The task:
When you reach the line with "女学生们对飞机表面进行清洁。杨华峰 摄" in the listing below, transcribe it and each line after it up to and including the line with "POLSTERECKBANKGRUPPE, Bezug Leder", exactly and with nothing else.

Exercise materials:
*****

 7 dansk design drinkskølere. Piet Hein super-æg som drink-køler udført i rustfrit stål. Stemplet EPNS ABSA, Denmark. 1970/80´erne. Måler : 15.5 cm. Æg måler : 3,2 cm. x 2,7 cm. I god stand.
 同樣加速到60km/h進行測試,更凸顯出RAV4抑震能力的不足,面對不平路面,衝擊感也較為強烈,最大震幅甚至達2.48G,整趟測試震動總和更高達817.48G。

*****

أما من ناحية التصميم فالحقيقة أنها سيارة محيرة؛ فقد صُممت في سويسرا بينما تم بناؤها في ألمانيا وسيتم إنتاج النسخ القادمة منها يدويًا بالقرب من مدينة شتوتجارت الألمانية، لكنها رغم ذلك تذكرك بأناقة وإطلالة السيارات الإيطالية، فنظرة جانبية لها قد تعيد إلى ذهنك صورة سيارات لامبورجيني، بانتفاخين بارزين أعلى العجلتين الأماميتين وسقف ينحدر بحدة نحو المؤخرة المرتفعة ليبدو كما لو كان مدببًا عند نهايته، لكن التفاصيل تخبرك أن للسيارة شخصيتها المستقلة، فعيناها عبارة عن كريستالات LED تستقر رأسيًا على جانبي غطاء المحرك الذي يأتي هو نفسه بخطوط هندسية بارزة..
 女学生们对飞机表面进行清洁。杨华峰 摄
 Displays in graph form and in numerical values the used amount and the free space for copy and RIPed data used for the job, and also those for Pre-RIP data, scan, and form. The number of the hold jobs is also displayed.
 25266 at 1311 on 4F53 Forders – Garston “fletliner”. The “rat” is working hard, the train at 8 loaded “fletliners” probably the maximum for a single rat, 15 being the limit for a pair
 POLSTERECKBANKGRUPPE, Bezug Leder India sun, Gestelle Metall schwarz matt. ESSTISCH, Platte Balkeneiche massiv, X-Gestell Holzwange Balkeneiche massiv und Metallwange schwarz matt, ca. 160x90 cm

*****

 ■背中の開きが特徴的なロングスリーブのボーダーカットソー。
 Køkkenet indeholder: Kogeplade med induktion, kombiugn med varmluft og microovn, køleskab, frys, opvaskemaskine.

*****

Answer section:
 女学生们对飞机表面进行清洁。杨华峰 摄
 Displays in graph form and in numerical values the used amount and the free space for copy and RIPed data used for the job, and also those for Pre-RIP data, scan, and form. The number of the hold jobs is also displayed.
 25266 at 1311 on 4F53 Forders – Garston “fletliner”. The “rat” is working hard, the train at 8 loaded “fletliners” probably the maximum for a single rat, 15 being the limit for a pair
 POLSTERECKBANKGRUPPE, Bezug Leder India sun, Gestelle Metall schwarz matt. ESSTISCH, Platte Balkeneiche massiv, X-Gestell Holzwange Balkeneiche massiv und Metallwange schwarz matt, ca. 160x90 cm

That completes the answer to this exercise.